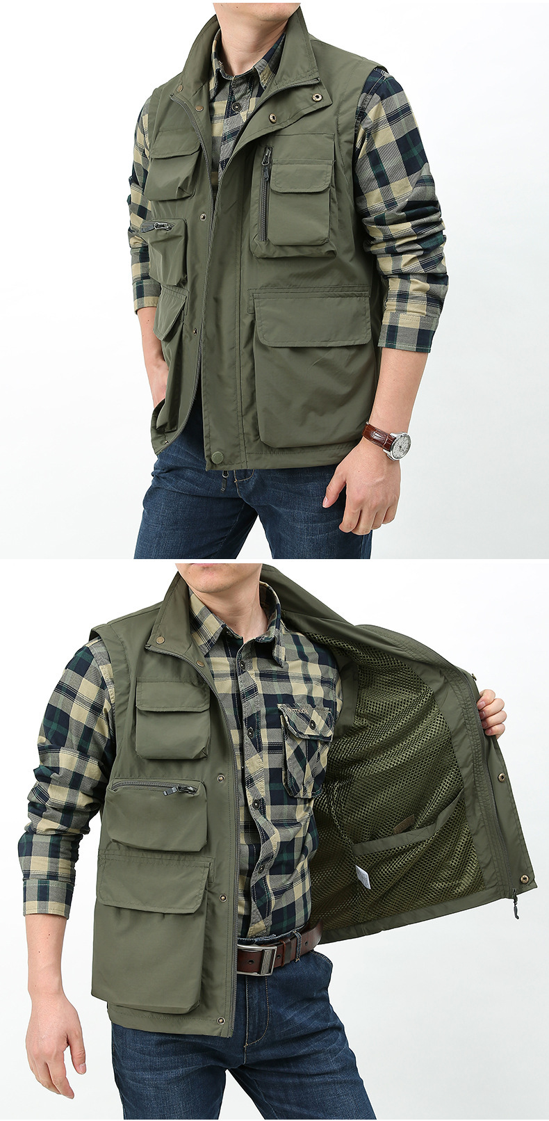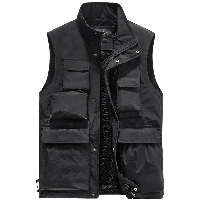 외국 무역 그룹 구매 야외 조끼 남자 낚시 사진 작가 느슨한 캐주얼 조끼 툴링 멀티 포켓 전술 재킷
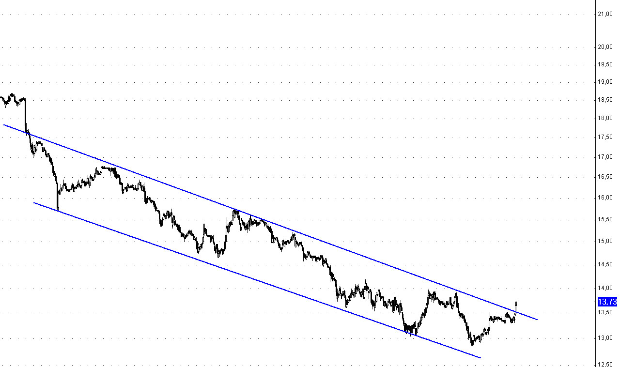 Nach Überwinden des 1. Kurzfrist-Ziels bei 14,-...14,20 Euro sehe ich den Break der FW bestätigt und gehe gehebelt long. Aber bitte nicht falsch interpetieren: ich rede hier von einem Trade, mit der Langfristanlage hat das (noch) nichts zu tun. Die kommt aber noch - nach Abschluss der Bodenbildung (s.a. Gerah #9).
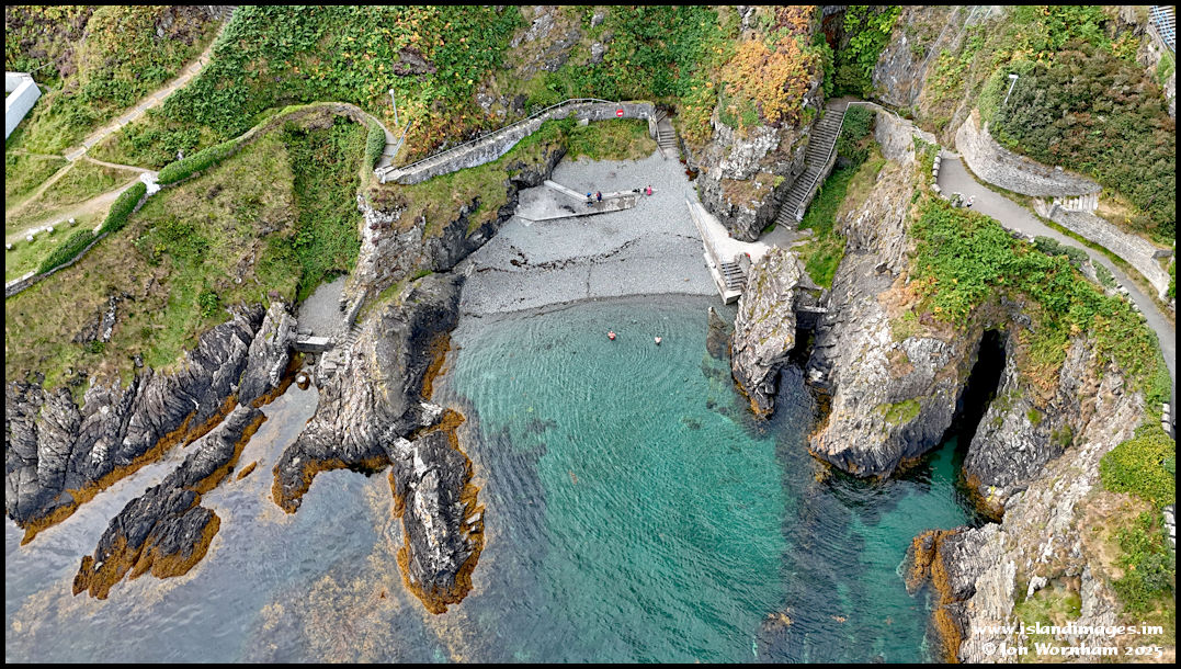 Port Skillion. At one time one of the island's severla sea water bathing pools and still popular today with sea swimmers. Click the image for an old iMuseum photo of the swimming pool.
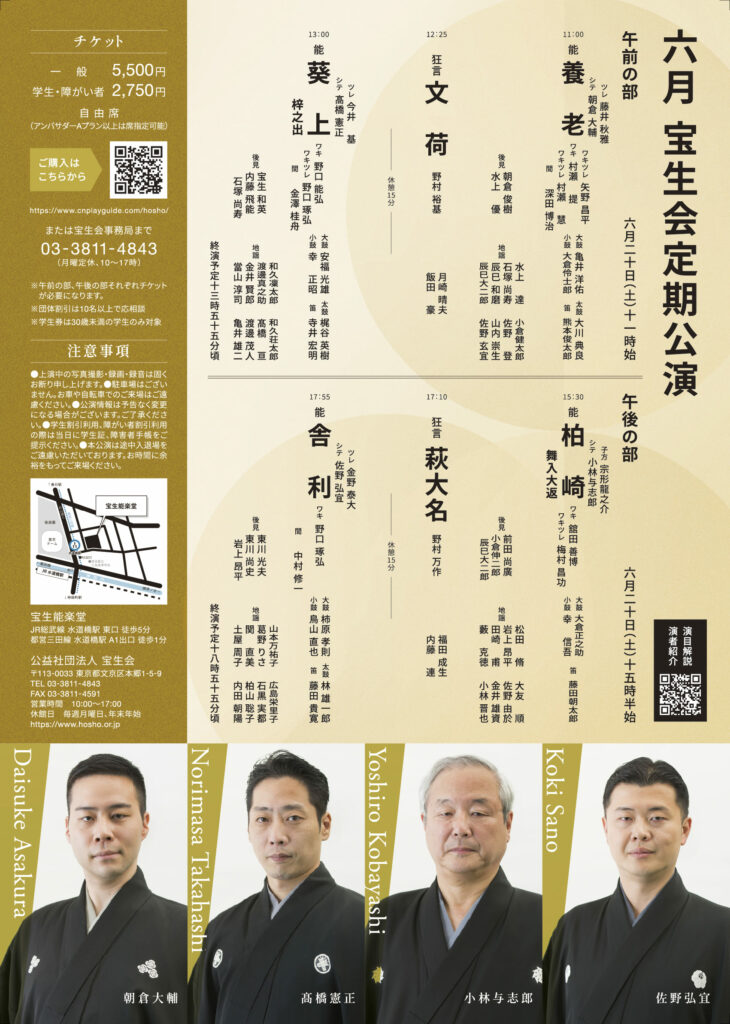 6月20日(土)宝生会定期公演◇午前の部◇ 11時開演(10時15分開場)

□ □ □ □ □ □ □

Exercise goal:
Repeat the material exactly. Skip the images.

Reply:
 외국 무역 그룹 구매 야외 조끼 남자 낚시 사진 작가 느슨한 캐주얼 조끼 툴링 멀티 포켓 전술 재킷
 Nach Überwinden des 1. Kurzfrist-Ziels bei 14,-...14,20 Euro sehe ich den Break der FW bestätigt und gehe gehebelt long. Aber bitte nicht falsch interpetieren: ich rede hier von einem Trade, mit der Langfristanlage hat das (noch) nichts zu tun. Die kommt aber noch - nach Abschluss der Bodenbildung (s.a. Gerah #9).
 Port Skillion. At one time one of the island's severla sea water bathing pools and still popular today with sea swimmers. Click the image for an old iMuseum photo of the swimming pool.
 6月20日(土)宝生会定期公演◇午前の部◇ 11時開演(10時15分開場)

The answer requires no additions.